All we have to do now is to run our agent and provide a question:

1await execute_agent("How many churns are in the churn_table?")
2# Output: 1869

And - amazingly - the agent is able to Automatically generate the SQL query, execute the query, self-heal in case of errors and provide the correct result!

Let's try something more complicated: We want to know the percentage of males and females in the dataset.

1await execute_agent(
2 "What's the percentage of male and female customers of users who churned?"
3)

Output:

1SELECT gender, COUNT(*) * 100.0 / (SELECT COUNT(*) FROM aiagent_test.churn_table WHERE Churn = TRUE) AS percentage FROM aiagent_test.churn_table WHERE Churn = TRUE GROUP BY gender
2
3 gender percentage
40 Male 49.75923
51 Female 50.24077

Quite impressive, isn't it?

Improving our AI SQL Agent for BigQuery data analysis

While our little agent is already quite nice to play with, it creates quite a good amount of garbage queries.
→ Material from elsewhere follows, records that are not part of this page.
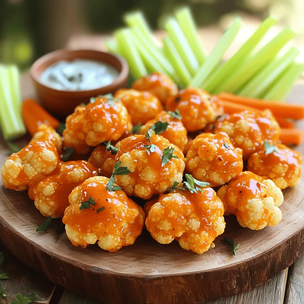 Buffalo Cauliflower Bites pair well with several items. I love serving them with fresh celery sticks and carrot sticks. They add a nice crunch and contrast. You can also offer blue cheese or ranch dressing for dipping. This adds a creamy touch that balances the spice.
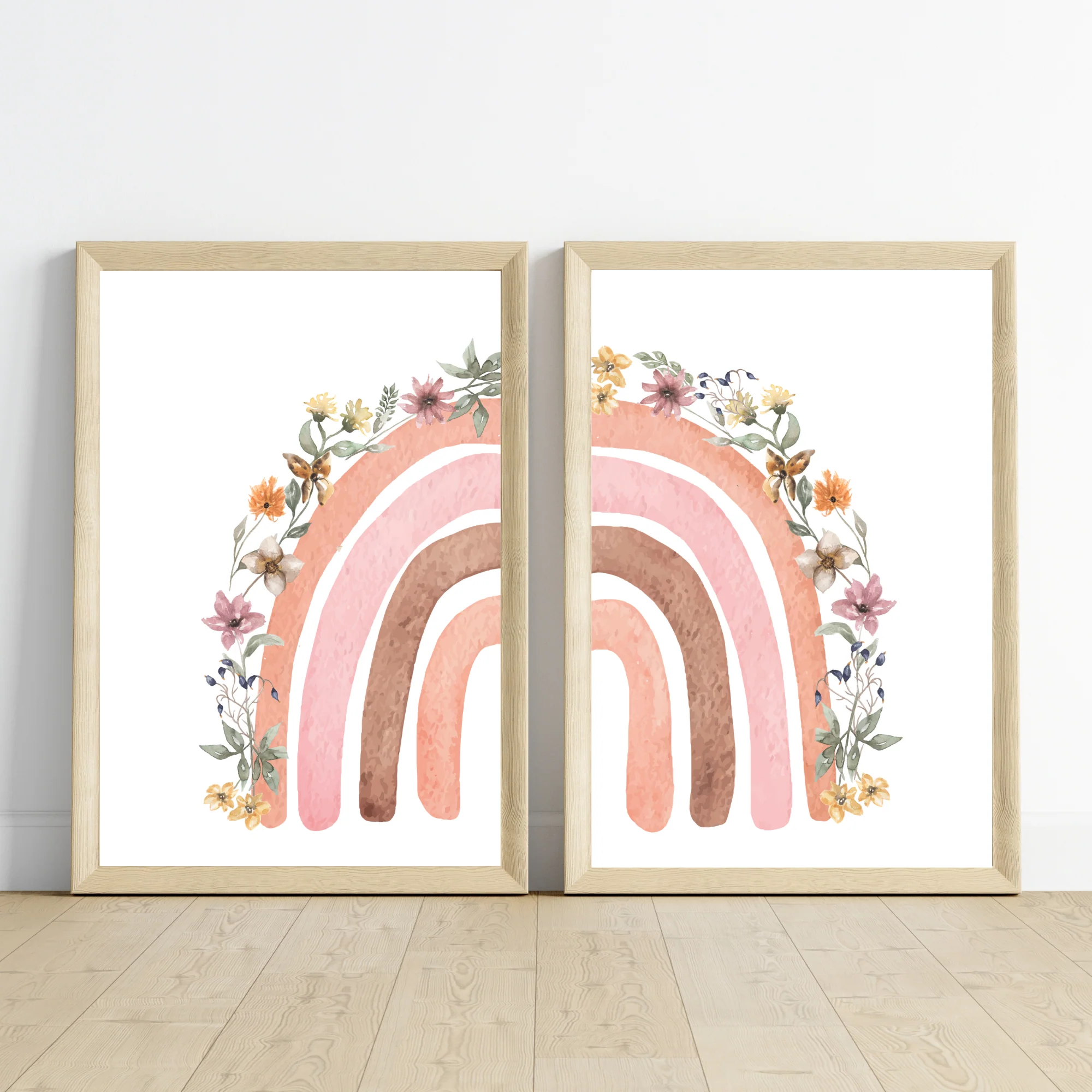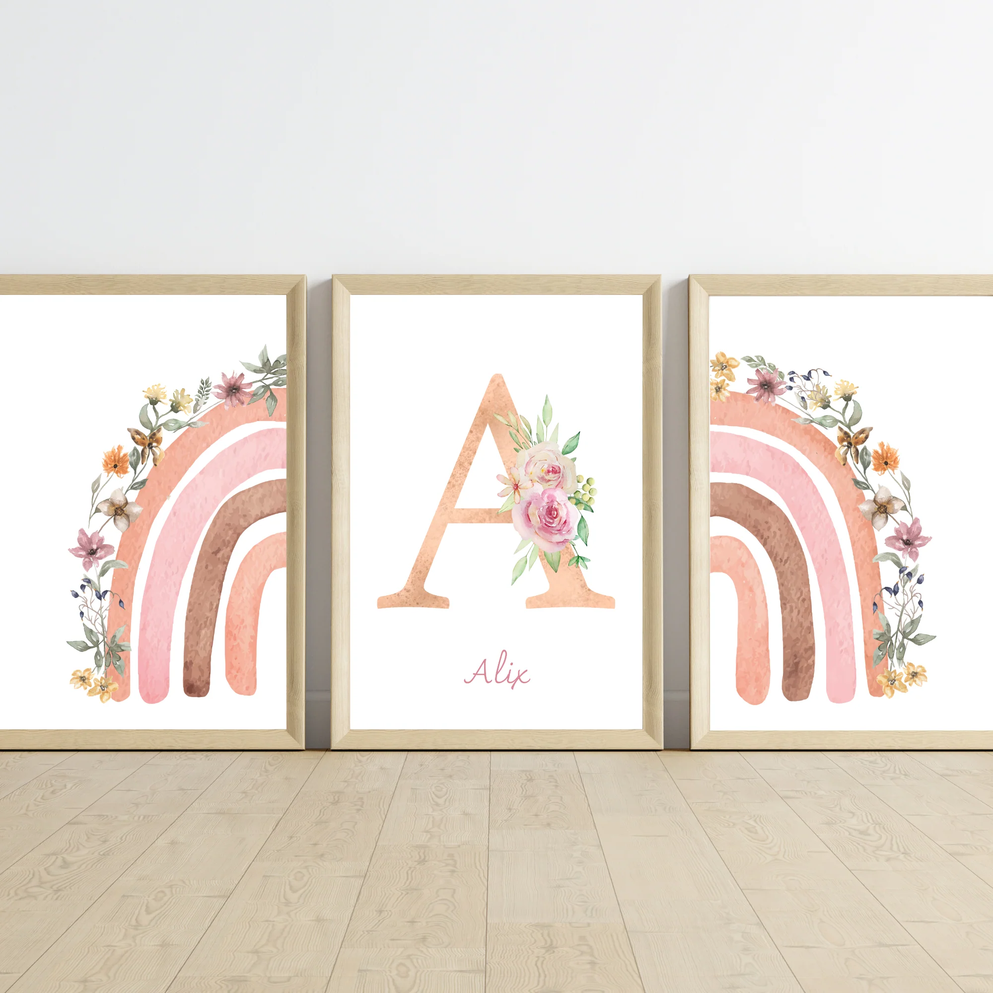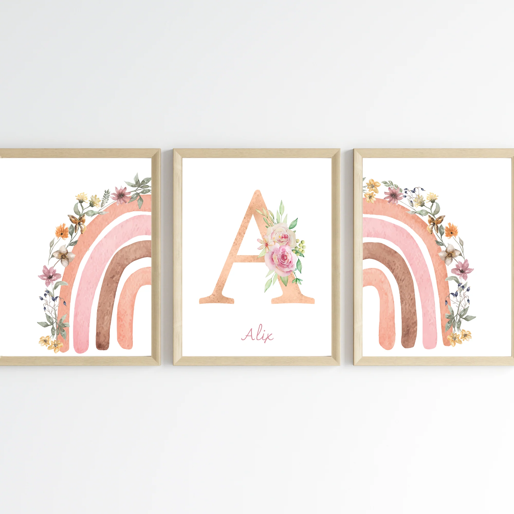 ❤️ Jolie set de 3 affiches pour enfant dans le style bohème décoré avec un arc en ciel fleuri et une affiche avec un monogramme fleur ainsi que le prénom de l’enfant.
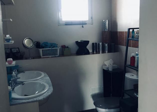 À l'étage, se trouvent deux chambres avec un sol en parquet stratifié. La salle d'eau est équipée d'un meuble avec double vasques, d'une douche, de WC et d'une fenêtre.
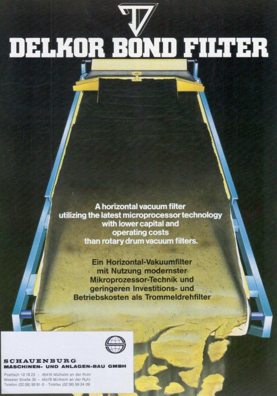 Delkor Bond Filter - A Horizontal Vacuum Filer Ultizing the Latest Microprocessor Technology With Lower Capital and Operating Costs Than Rotary Drum Cacum Filters / Ein Horizontal-Vakuumfiler mit Nutzung Modernsiter Mikropozessor-Technik und Geringeren Investitions- und Betriebskosten als Trommeldrehfilter - Kuşe Kağıda, Renkli, Resimli, İlk Baskısı
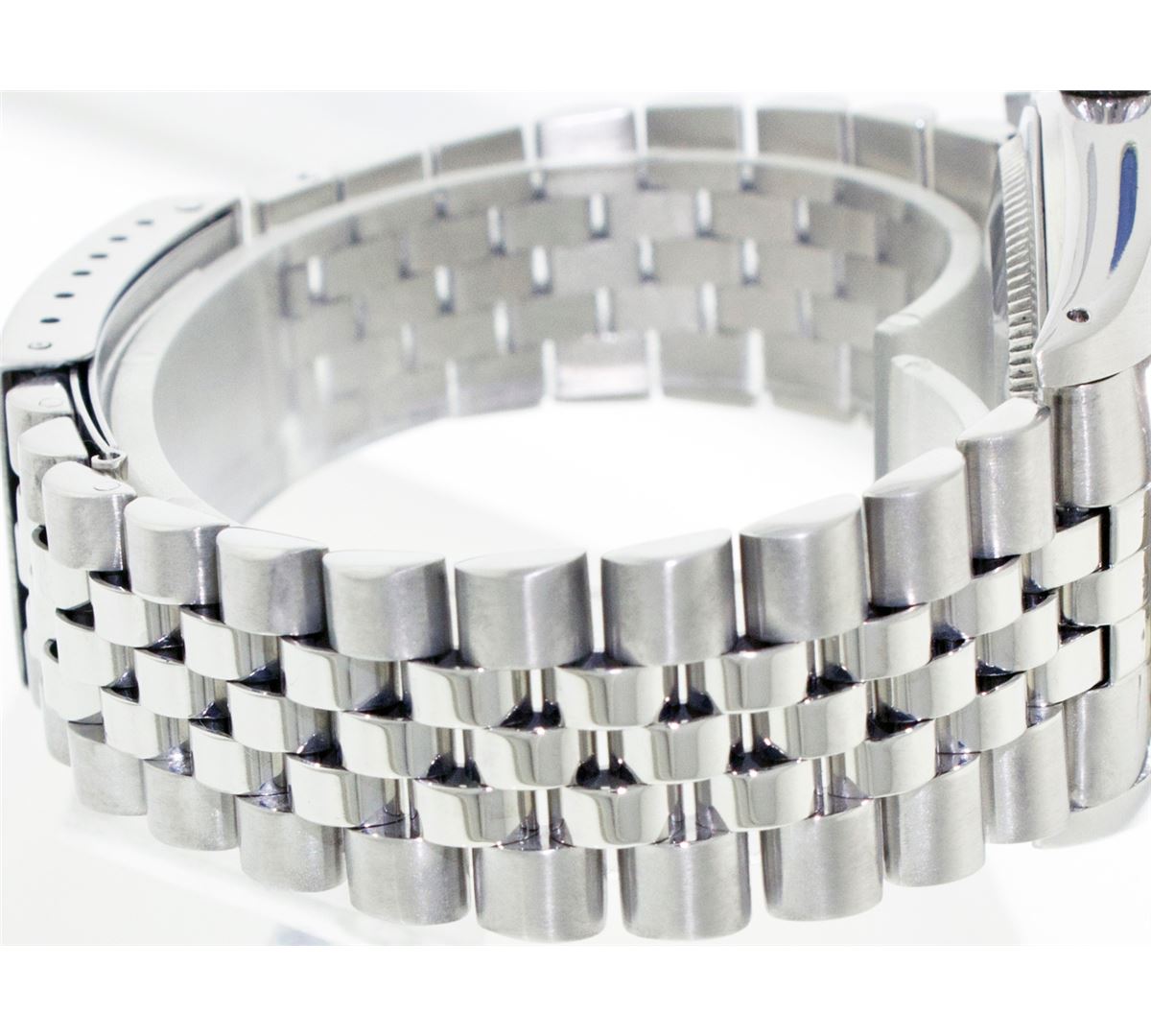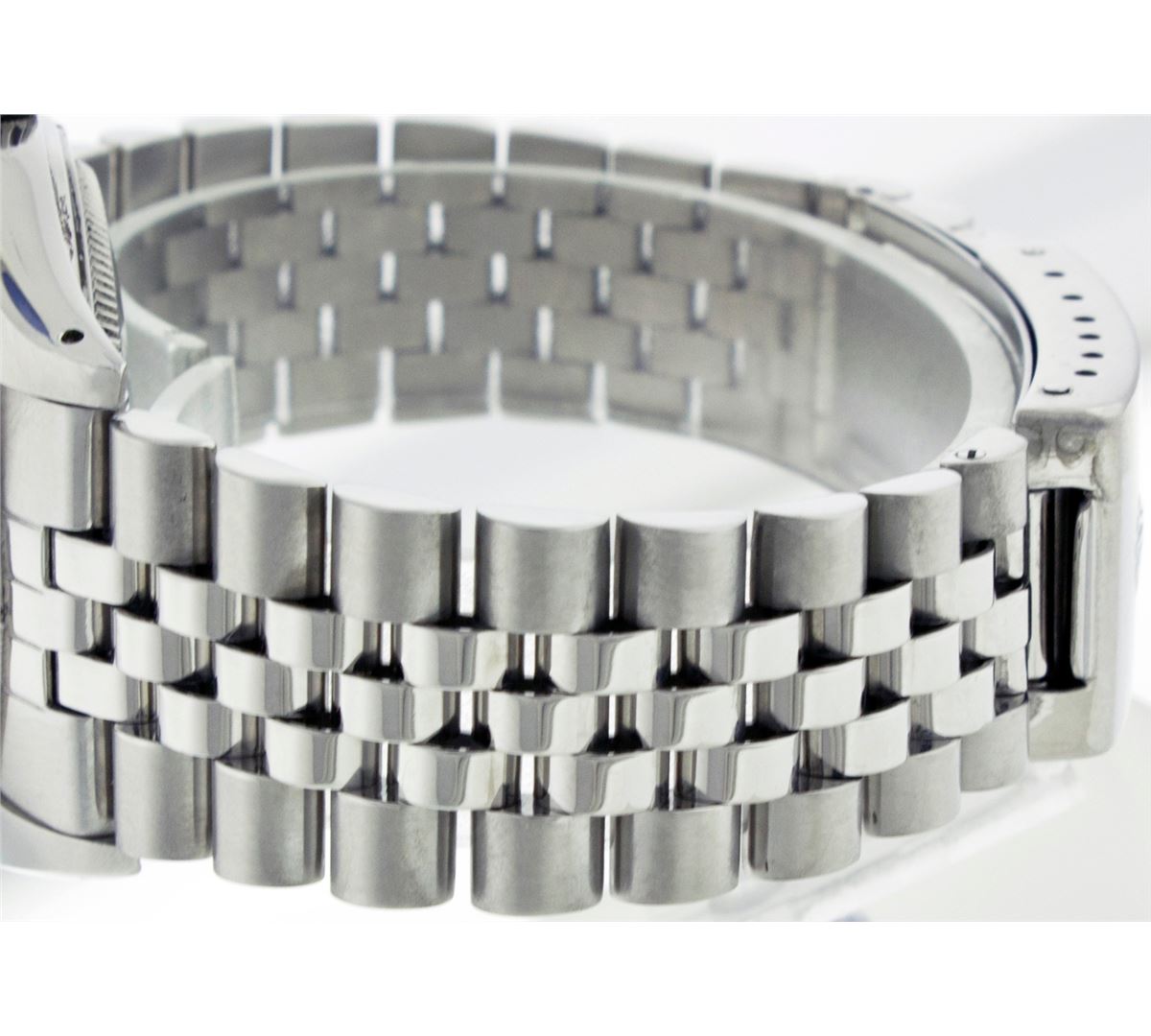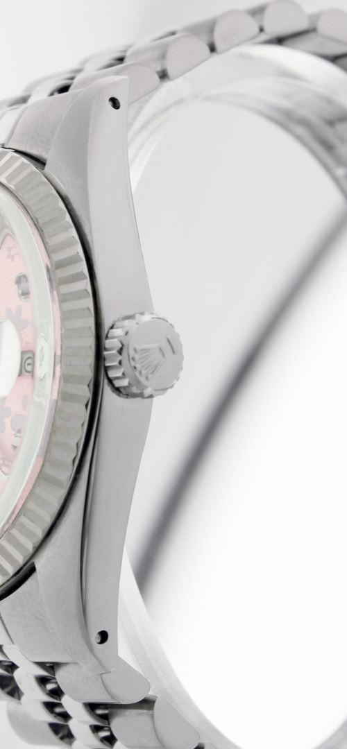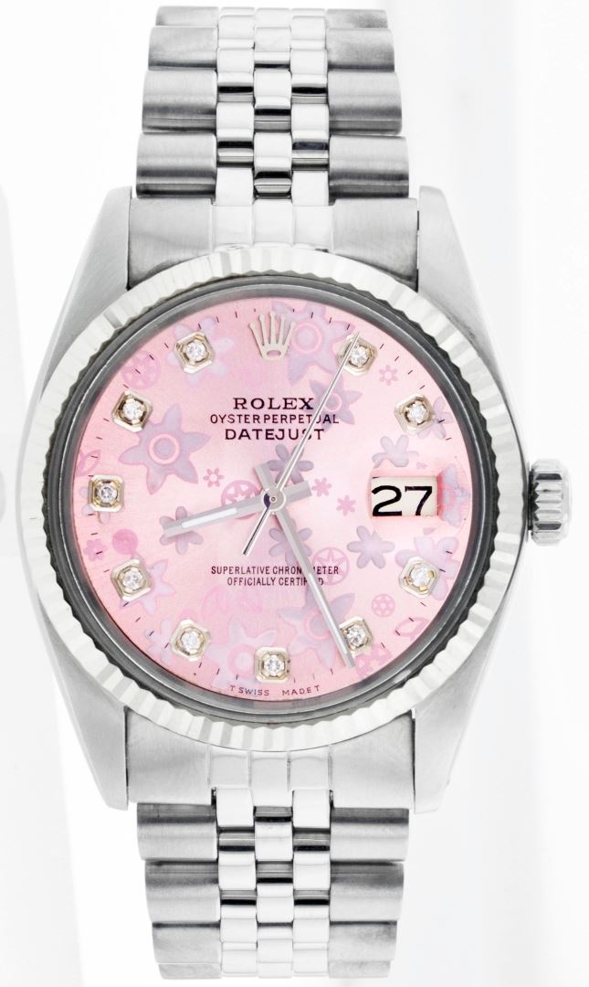 One Gents Rolex Datejust Polished, Serviced & Electronically Tested, Stainless Steel Case:36mm, Stainless Steel Crown, Bezel: 18K White Gold Fluted Bezel. Custom Crystal: Synthetic Sapphire Cyclops Lens. Movement: Automatic Winding Movement Caliber 3035. Custom Dial: Pink Floral Dial With Diamond Hour Markers, Diamond Count: 10 Diamonds, Clarity: SI-VS, Color: G To H. Date Window: 3 O'Clock Position Date Display, Quickset, Model: 16014 Condition: G-6 Extra Fine. Bracelet: Stainless Steel Jubilee. Bright Polish & Satin Finish. 6.5 Inch Length, Adjustable. Standard Clasp, With Rolex Logo.
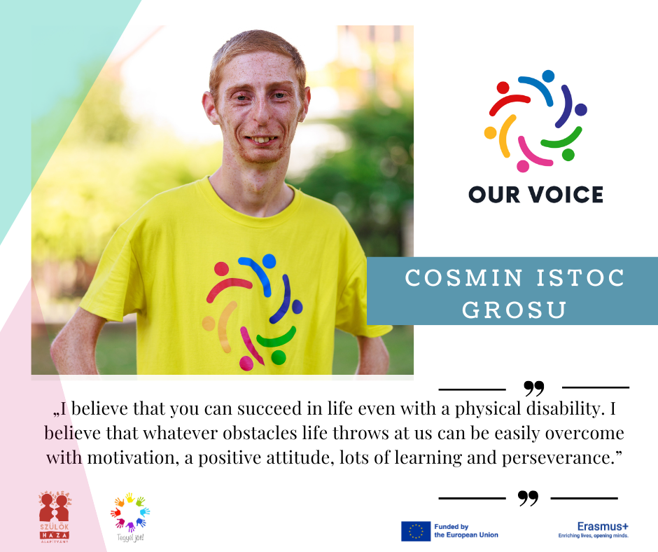 Cosmin Istoc Grosu shared his thoughts on the significance of perseverance, motivation, and learning, showing that even the greatest obstacles can be overcome. Born with physical disadvantages, Cosmin wants to demonstrate to his peers that success is possible despite physical challenges.

While it's surprisingly good in resolving these errors on it's own, there are some methods to reduce these erroneous attempts.

  1. Adding a description to the database columns: In this example, we only provide the table name as well as the column names as context to the AI model. The model is than asked to try to "guess" which columns might be relevant for answering the users question. This is quite error-prone and can be improved by adding a description to the columns.

    There are 2 ways to do this: a. Manually add a description to the columns. While this is in fact a little tedious, it is the most accurate and reliable way to provide context to the model. b. Send a head(10) of each column to GPT-4o and ask for a description. The model will most probably be able to provide a reasonable enough description.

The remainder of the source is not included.